# Fatal Error during installation - I am trying to install my new hp printer



## TraceyWatson

Hello, I am hoping that someone on here can help me. 

I bought a new printer which was the hp photosmart c5380 all in one printer. I put in the installation cd and it got to 96% and then a fatal error pops up and it keeps popping up it will not stop. I do not know how to fix it, I called hp support and talked to three different people and the conclusion was that it was a microsoft problem. I don't want to pay someone to help me at microsoft because I do not have the money and I am not sure that it is a Microsoft problem. If anyone can help me please let me know. Thank you.


----------



## BionicEd

I have the same problem with the c4280. It's been a nightmare for me. Nobody at HP could help me. I've posted on this site but so far no replies. I'm guessing the problem is something with my operating system, which is Vista.


----------



## TraceyWatson

No, I finially took my computer in to a shop and the guy said the computer does not have enough memory for the printer. So I had to fifty dollars to increase the memory... hope this helps you!


----------



## BionicEd

Glad to hear your problem is resolved. Sorry to hear you had to put out $50 though. I'm sure I'll be taking my computer in where I bought it so they can install the printer for me. I have already wasted over 10 hours trying to install it. I've had more than enough. It's just soooooo frustrating. I guess I'll have to put out a few $ to have it done. I'm not happy about that. Take care, and finally enjoy your printer!


----------



## bikmor

I've got the same problem with HP Photosmart C5280 All-In-One and I'm using XP SP2. I've installed other HP printers without any problems but this one has got me beat. I've tried all the suggestions on the HP Support site and no success. 
I've tried
1) Changing permissions in registry, 2) Download new software/drivers, 3) Disabling all TSRs. Nothing works. I've got 1.25Gb memory, that should be plenty.
How can this be a Microsoft problem??? Hmmmmmm!! Sounds like buck passing.


----------



## BionicEd

I tried installing the c4280 into our other computer which has Windows XP and it installed like a charm. I didn't try printing or scanning anything. I just wanted to see if it would install. But installing in on the computer with Windows Vista has been nothing but a bad dream.


----------



## cuatikstee

dont think any of those is the real problem. my photosmart d5360 worked like a sharm with the original and the updated drivers and software, untill one day i uninstalled and re-installed everything again and start getting the problem u have. So is not memory, I asure u. May be that guy found the way to install it and before doing it he told u that to get more money from u.

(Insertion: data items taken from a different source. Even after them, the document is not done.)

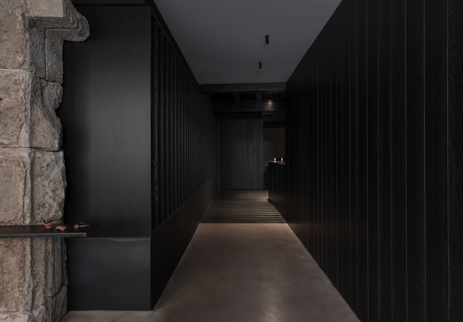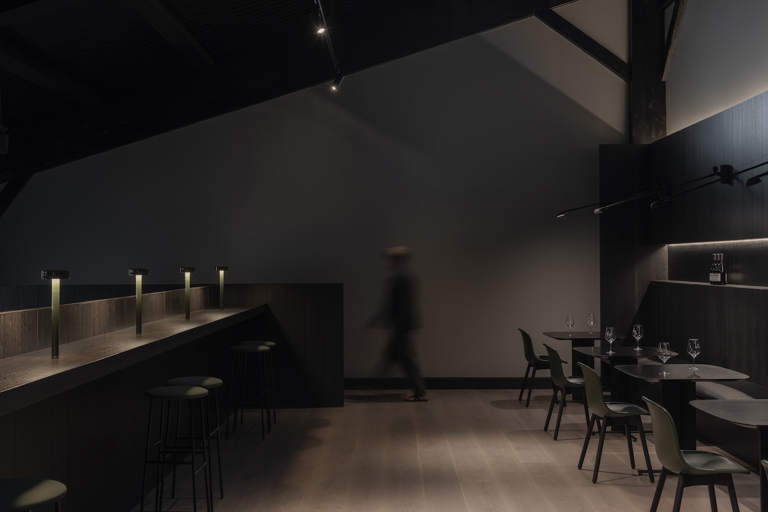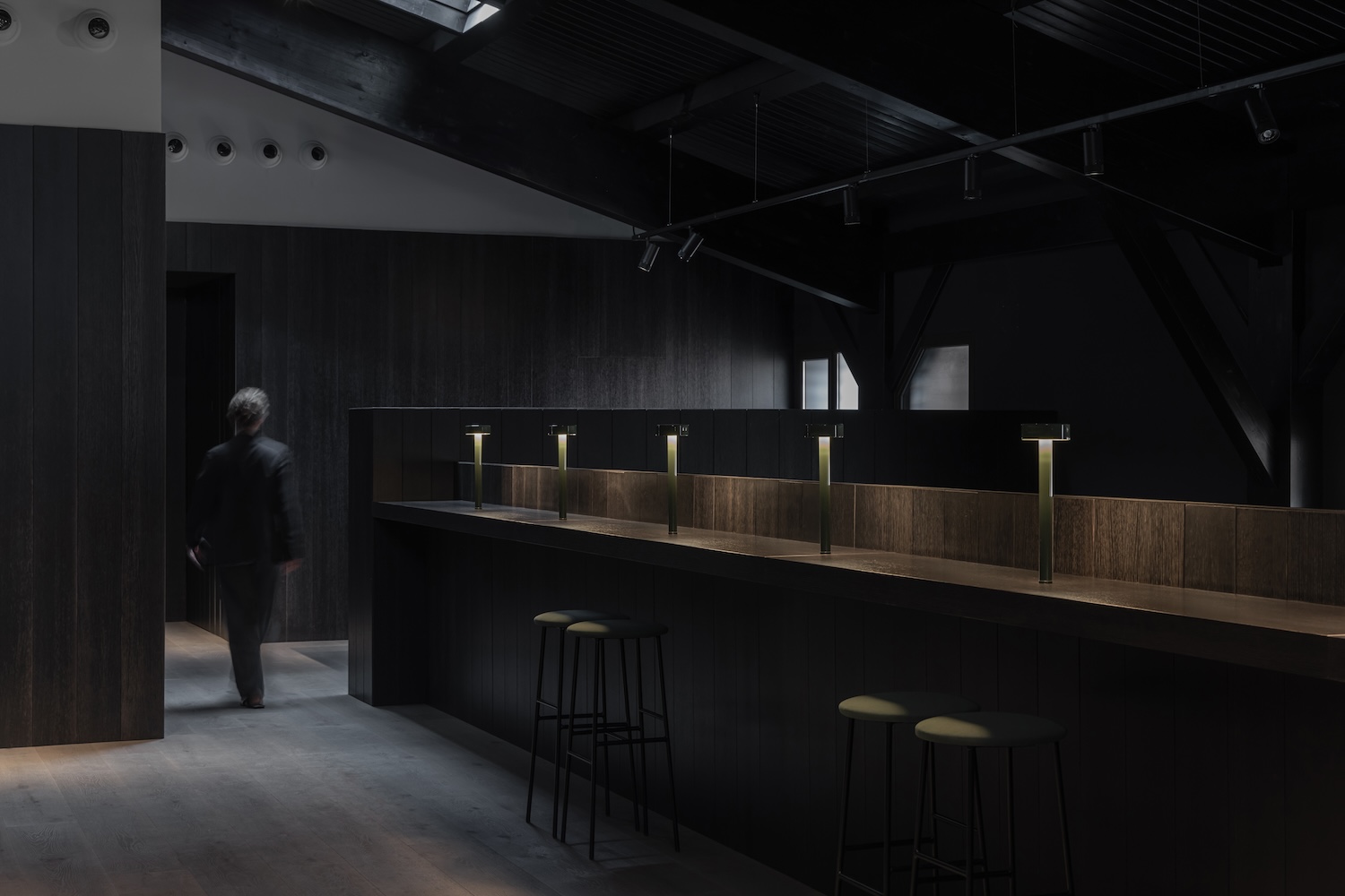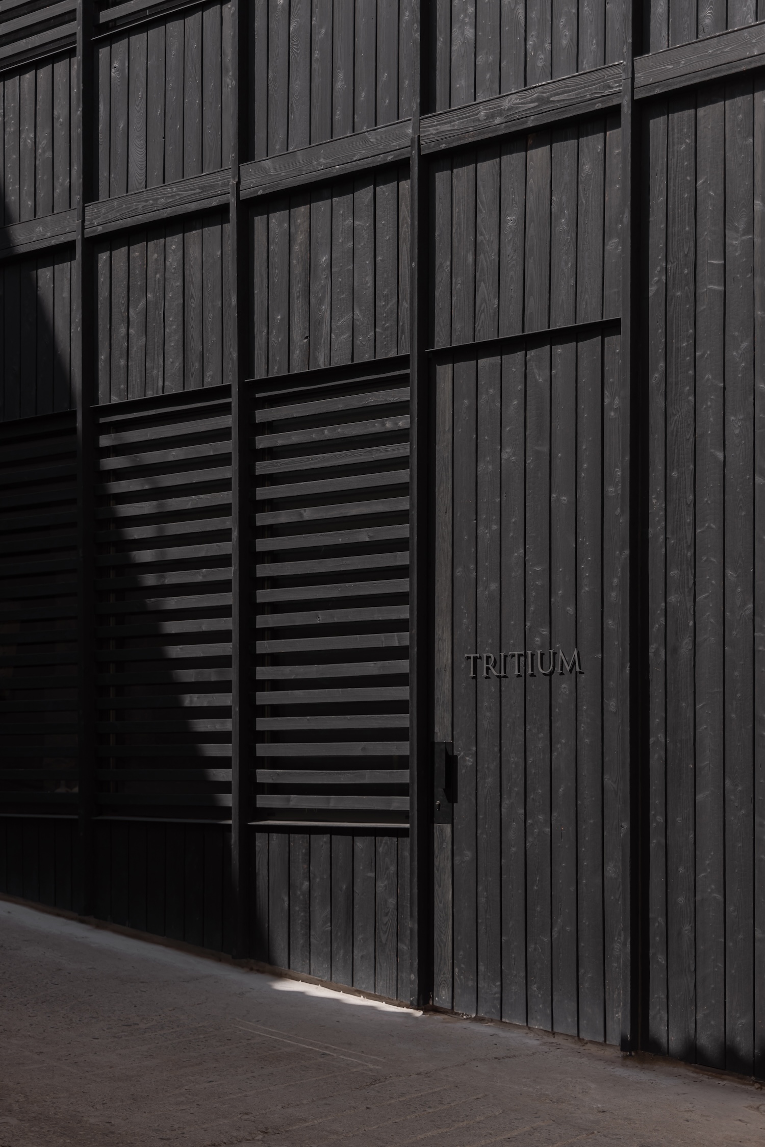 Tritium Winery의 설계에서 가장 두드러진 특징 중 하나는 재료 선택입니다. 탄화된 목재와 검은 강철이 주로 사용되었으며, 이는 공간의 내구성을 높이면서도 미니멀리즘적 디자인을 구현하는 데 중요한 역할을 했습니다. 특히, 이 재료들은 와이너리의 전통적 요소인 돌과 조화를 이루며, 과거와 현대를 연결하는 중요한 매개체로 작용합니다.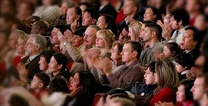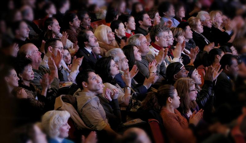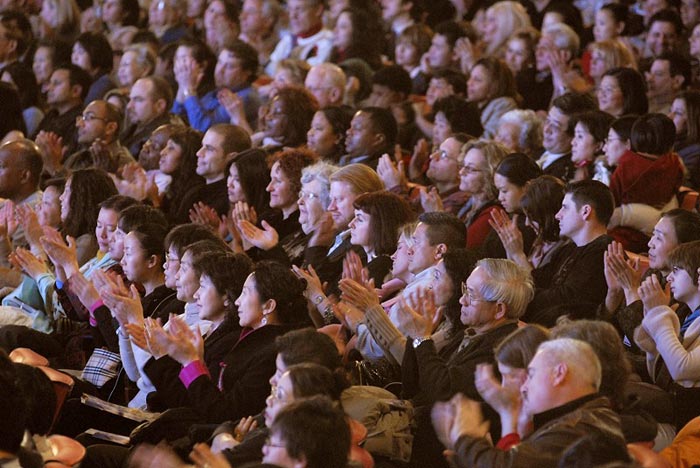 ![]() 二零零八年二月九日,纽约观众对神韵艺术团的新年演出报以热烈掌声 |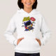 Veja Chibi Batgirl balançando de um gancho de luvas, batarang na mão.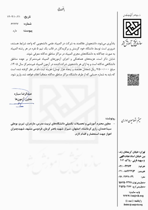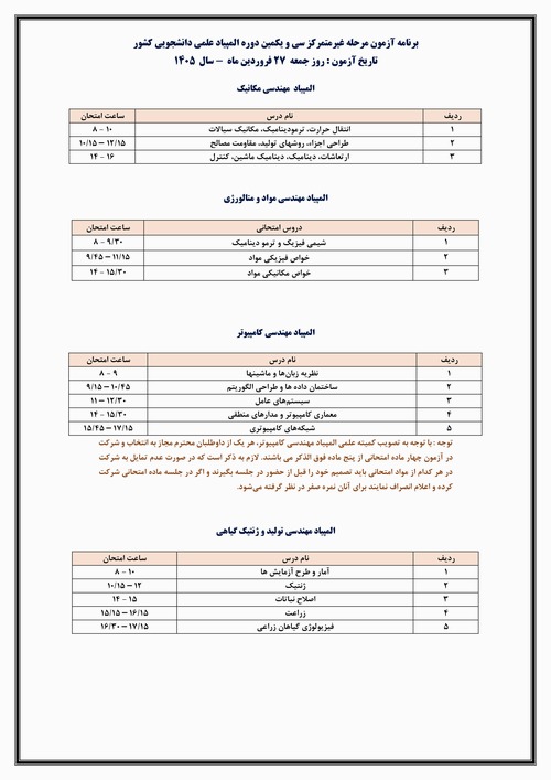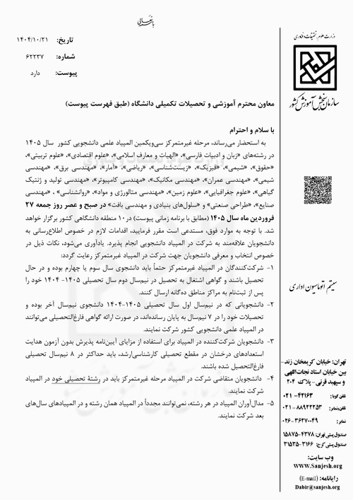 اطلاعیه اعلام تاریخ برگزاری المپیاد غیرمتمرکز سال 1405دانشگاه های کشور 1404/10/30 - 12:00 تعداد بازدید: 20 دانشجویان مهندسی مکانیک هر چه سریعتر در المپباد کشوری شرکت بفرمایید. کلمات کلیدی المپیاد_علمی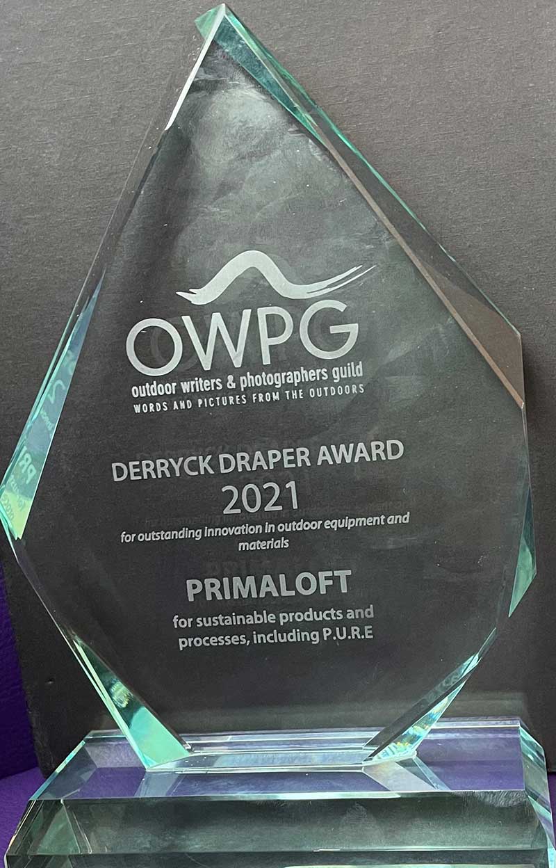 The Derryck Draper Award, named in memory of one of the OWPG’s founders and past chairs, is given to a member of the outdoor gear trade for outstanding innovation in outdoor equipment design and materials. This year’s award to PrimaLoft was announced at the Guild’s annual weekend and awards ceremony at Malham Tarn, Yorkshire on 8 October 2021.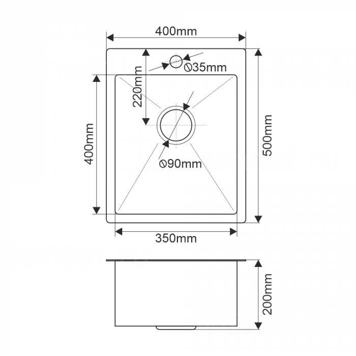 Технические характеристики Мойка R4050H MELANA ProfLine 3,0/200 САТИН врезная прямоугольная в комплекте с коландером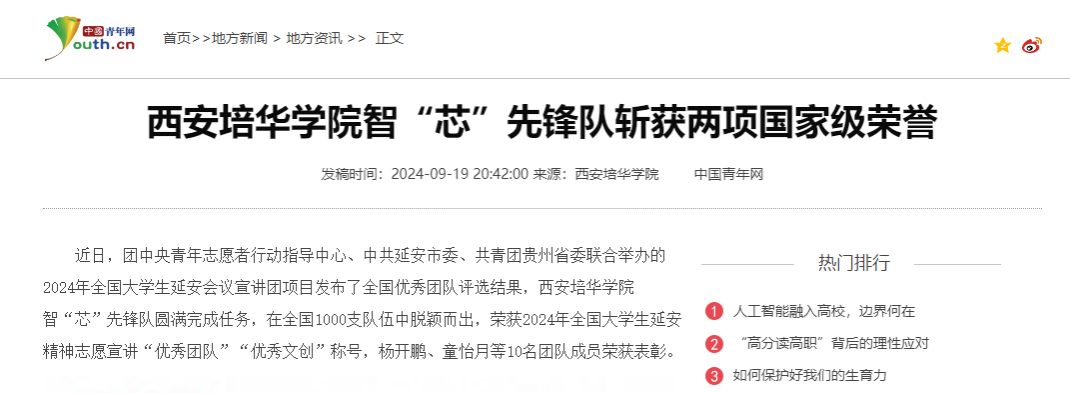 近日,团中央青年志愿者行动指导中心、中共延安市委、共青团贵州省委联合举办的2024年全国大学生延安会议宣讲团项目发布了全国优秀团队评选结果,西安培华学院智“芯”先锋队圆满完成任务,在全国1000支队伍中脱颖而出,荣获2024年全国大学生延安精神志愿宣讲“优秀团队”“优秀文创”称号,杨开鹏、童怡月等10名团队成员荣获表彰。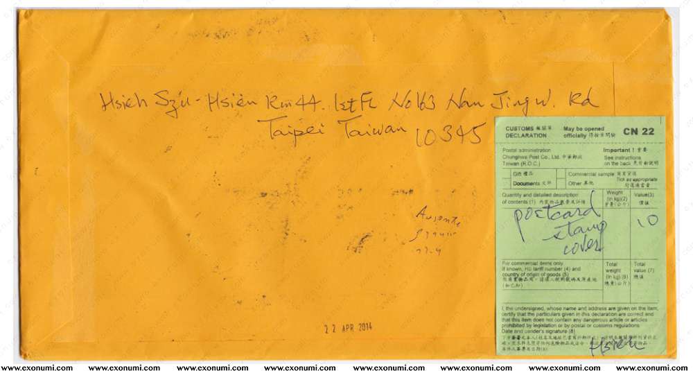 Spain - Postal Cover from Taiwan (2014)
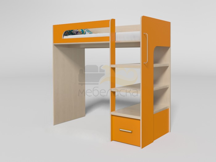 Подростковая кровать-чердак разработана с учетом требований эргономики и современного европейского дизайна. Кровать имеет одно полноценное спальное место. Ступени лесенки изготовлены из усиленной ЛДСП 32 мм. Внизу лестницы расположен вместительный короба для белья и игрушек.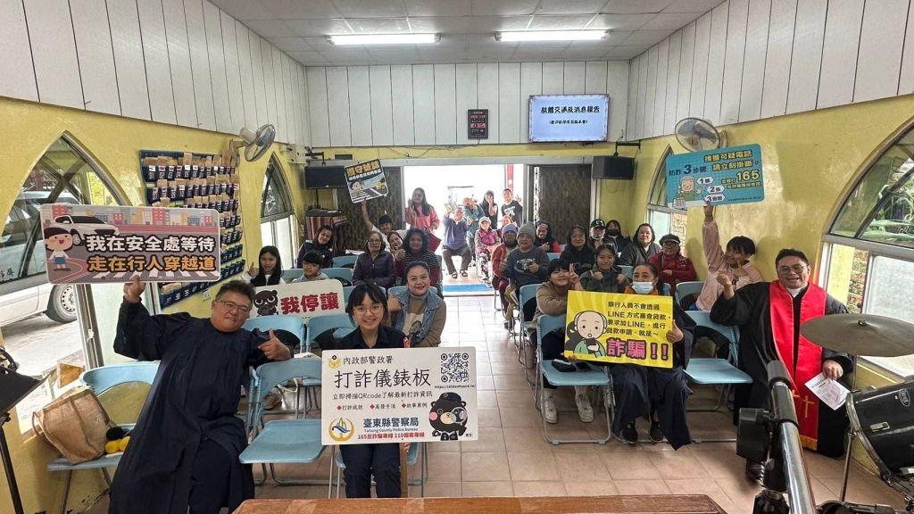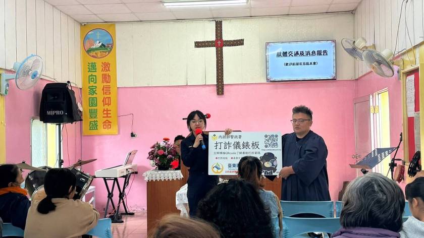 臺東縣警察局關山分局海端聯合所為強化偏鄉居民安全意識,於昨(23)日10時許,由警員許舜雯及陳信帆主動出擊,趁週日民眾前往錦屏教會聚會時機,以「行動警政」模式深入社區,透過生動宣講與互動問答,將交通安全觀念與最新反詐騙技巧帶入教會,現場逾50位居民熱情參與,直呼:「警察來教會上課真貼心!」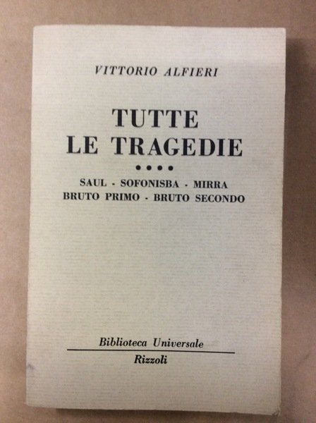TUTTE LE TRAGEDIE. IV. - Saul - Sofonisba - Mirra - Bruto Primo - Bruto Secondo.

I found this in a HP forum, is not related directelly with the printer but with another HP spoftware, but may work. Is in spanish, sorry, but tells u to install last version of Windows Script at microsoft site. good luck and sorry for my sucky english


Problema
Mientras se instala el software HP Image Zone, aparece el mensaje Error fatal durante la instalación o ERROR_INSTALL_FAILURE con uno de los siguientes códigos de error: 
Error 2738: No se pudo acceder al tiempo de ejecución de VBScript.
Error 2739: No se pudo acceder al tiempo de ejecución de JavaScript.
Solución
Para solucionar este problema, actualice el software de comandos de Windows siguiendo los pasos que aparecen a continuación:
Visite el Centro de descargas de Microsoft y descargue el último Microsoft Windows Script 5.6 (o posterior) para la versión de Windows que utiliza. Haga clic aquí para ir al Centro de descargas de Microsoft . 
En el primer campo de búsqueda seleccione Todas las descargas . 
En el segundo campo de búsqueda escriba Windows Script 5.6 y luego haga clic en Ir . 
En los resultados de la búsqueda, seleccione Windows Script 5.6 para su sistema operativo. 
Realice la Validación de Windows como se le solicita. La descarga del Windows Script 5.6 instala Microsoft Windows Script, el cual contiene Visual Basic Script Edition (VBScript.) Versión 5.6, JScript Versión 5.6, Windows Script Components, Windows Script Host 5.6, y Windows Script Runtime Versión 5.6.
Siga las instrucciones e instale Windows Script 5.6 (o posterior).
Reinicie el equipo.
Vuelva a instalar el software incluido con su producto HP.


----------



## PieSlayer

Did you ever have to shut down the computer or unplug the USB cable while the installation was in progress?


----------



## jdog01

I had a Fatal Error problem with HP Photo Smart D5360 installation, and I solved it by:

1. Searched for hpzsetup.exe file in all files and folders
2. Deleted all instances of it.
3. Searched for hpzsetup.exe in the registry
4. Deleted only values that had hpzsetup.exe
5. Emptied Recycle Bin
6. Restarted Computer

This took care of our issue, I hope this helps. Please only do this if you know what you are doing. You could potentially erase an important file if not done properly.


----------



## Riskyone101

Hello and Welcome to TSF TraceyWatson,

Did your problem get resolved?

For others that need help with your printers, please start your own thread
on your specific problem, ty.


----------